百里瓊瑤從陰影中走出,看了一眼蘇承明消失的方向,走到蘇承錦身邊,在他對面的椅子上坐下來。
「一千萬兩,他答應的太快了。」
蘇承錦收起臉上的笑,端起桌上那碗自己喝過的茶,喝了一口,任由冰冷的茶水順著喉嚨滑下。

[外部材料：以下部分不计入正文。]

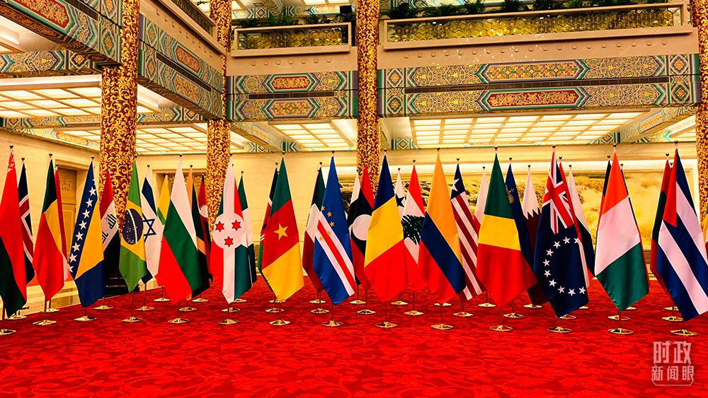 △紀念會議現(xiàn)場,聯(lián)合國各會員國國旗組成的旗陣。(總臺央視記者范一鳴拍攝)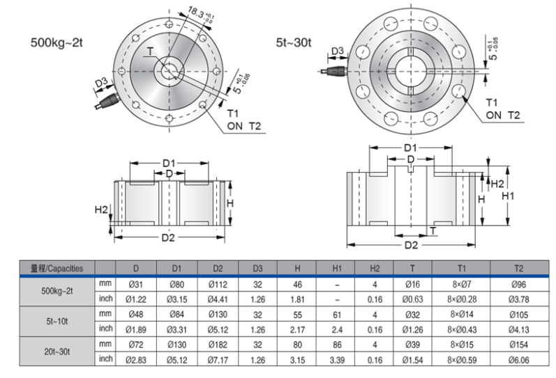 量程范圍:500kg、1T、2T、5T、10T、20T、25T、30T9R9廣州南創(chuàng)電子科技有限公司

「他當然答應的快。」蘇承錦將茶碗放下,「答應在嘴上,做在手上,這是兩碼事。」
「他心裡打的算盤,不外乎先把事情辦了,到了分錢的時候再拖延剋扣,一千萬兩從南地運到關北,他有的是辦法在中間做文章。」
「那你還讓他答應?」百里瓊瑤看著他。
蘇承錦轉過頭。
「我要的不是他嘴上那句一千萬兩,我要的是他在父皇面前,親口認下這個數。」
「他今天答應了,回去就會跟卓知平商量怎麼拖延,怎麼在中間截一筆,這些動作,他一做就會留下痕跡。」
「留下痕跡,就會被人看見,被人看見,就能被人捏住。」
蘇承錦伸手捏起碟中最後一粒松子仁。
「他以為自己在算計我,其實從他答應的那一刻起,口子就已經開了,後續關北能從南地拿到多少東西,就不是他說了算的了。」
百里瓊瑤沉默了片刻。
「你信不信他?」
蘇承錦站起身,走到正廳門口,抬手撐在門框上。
「信什麼,信他是我哥?還是信他不會在背後捅我刀子?」
「我跟他之間,只有值不值,現在這個局面,他需要我比我需要他多十倍,所以他會配合,等哪天他覺得不需要我了,他會毫不猶豫的把刀子捅過來。」
蘇承錦鬆開撐著門框的手,目光投向院中天光大好的景色,聲音平靜卻透著一股肅殺之氣。